What to do – Set down, exactly and only, everything from the line containing "This maroon personalised" down to the line containing "यह कैलेंडर प्रदेश" in the data below; the pictures are not part of the copy.

Task input –

=== Section Start ===

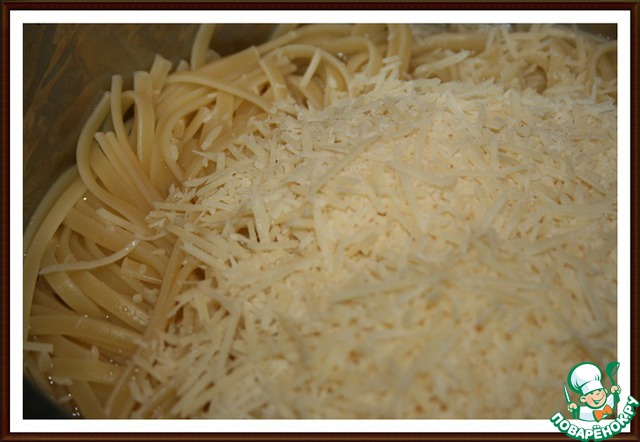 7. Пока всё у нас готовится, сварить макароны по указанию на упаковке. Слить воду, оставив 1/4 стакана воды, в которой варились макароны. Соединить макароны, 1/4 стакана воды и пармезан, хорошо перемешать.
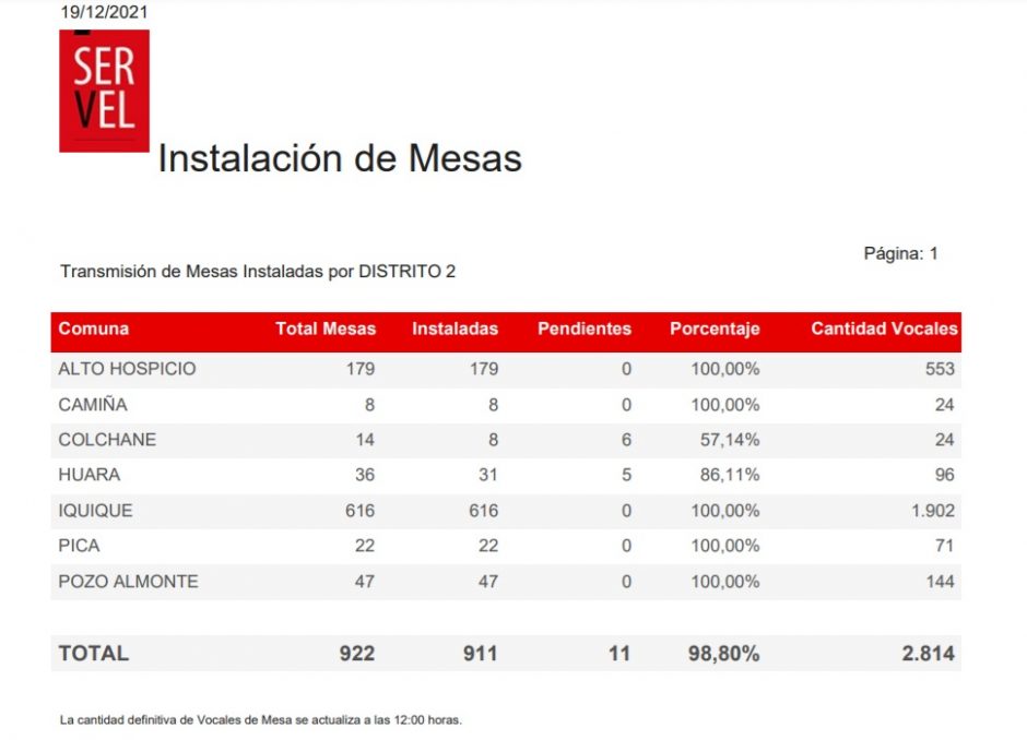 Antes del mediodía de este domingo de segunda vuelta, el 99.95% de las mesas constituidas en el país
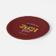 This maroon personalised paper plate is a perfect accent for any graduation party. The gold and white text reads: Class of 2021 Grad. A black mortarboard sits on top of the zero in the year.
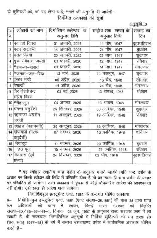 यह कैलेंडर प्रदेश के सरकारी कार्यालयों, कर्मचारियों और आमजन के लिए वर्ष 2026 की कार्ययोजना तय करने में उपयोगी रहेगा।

=== Section End ===
=== Section Start ===

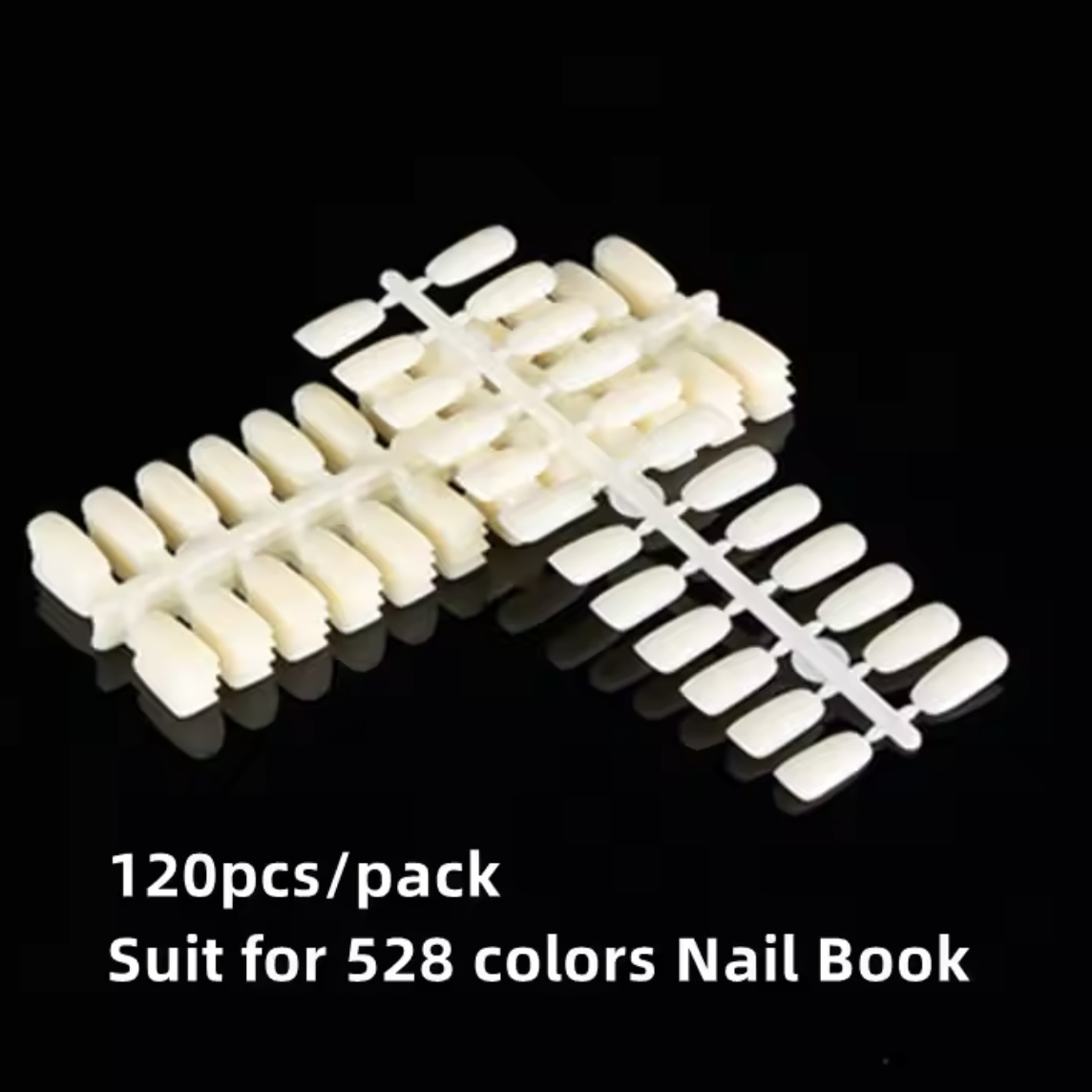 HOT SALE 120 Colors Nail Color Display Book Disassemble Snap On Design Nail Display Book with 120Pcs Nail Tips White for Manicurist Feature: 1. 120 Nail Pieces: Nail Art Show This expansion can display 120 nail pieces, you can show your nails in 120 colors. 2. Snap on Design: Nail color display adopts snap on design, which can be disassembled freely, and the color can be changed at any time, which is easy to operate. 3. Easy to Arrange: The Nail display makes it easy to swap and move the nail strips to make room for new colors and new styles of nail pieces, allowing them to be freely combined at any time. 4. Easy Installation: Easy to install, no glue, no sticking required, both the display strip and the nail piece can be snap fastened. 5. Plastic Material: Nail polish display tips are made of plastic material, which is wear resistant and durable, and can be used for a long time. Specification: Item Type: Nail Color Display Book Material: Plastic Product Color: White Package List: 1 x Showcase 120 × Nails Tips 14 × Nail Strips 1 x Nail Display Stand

=== Section End ===

Finished task –
 This maroon personalised paper plate is a perfect accent for any graduation party. The gold and white text reads: Class of 2021 Grad. A black mortarboard sits on top of the zero in the year.
 यह कैलेंडर प्रदेश के सरकारी कार्यालयों, कर्मचारियों और आमजन के लिए वर्ष 2026 की कार्ययोजना तय करने में उपयोगी रहेगा।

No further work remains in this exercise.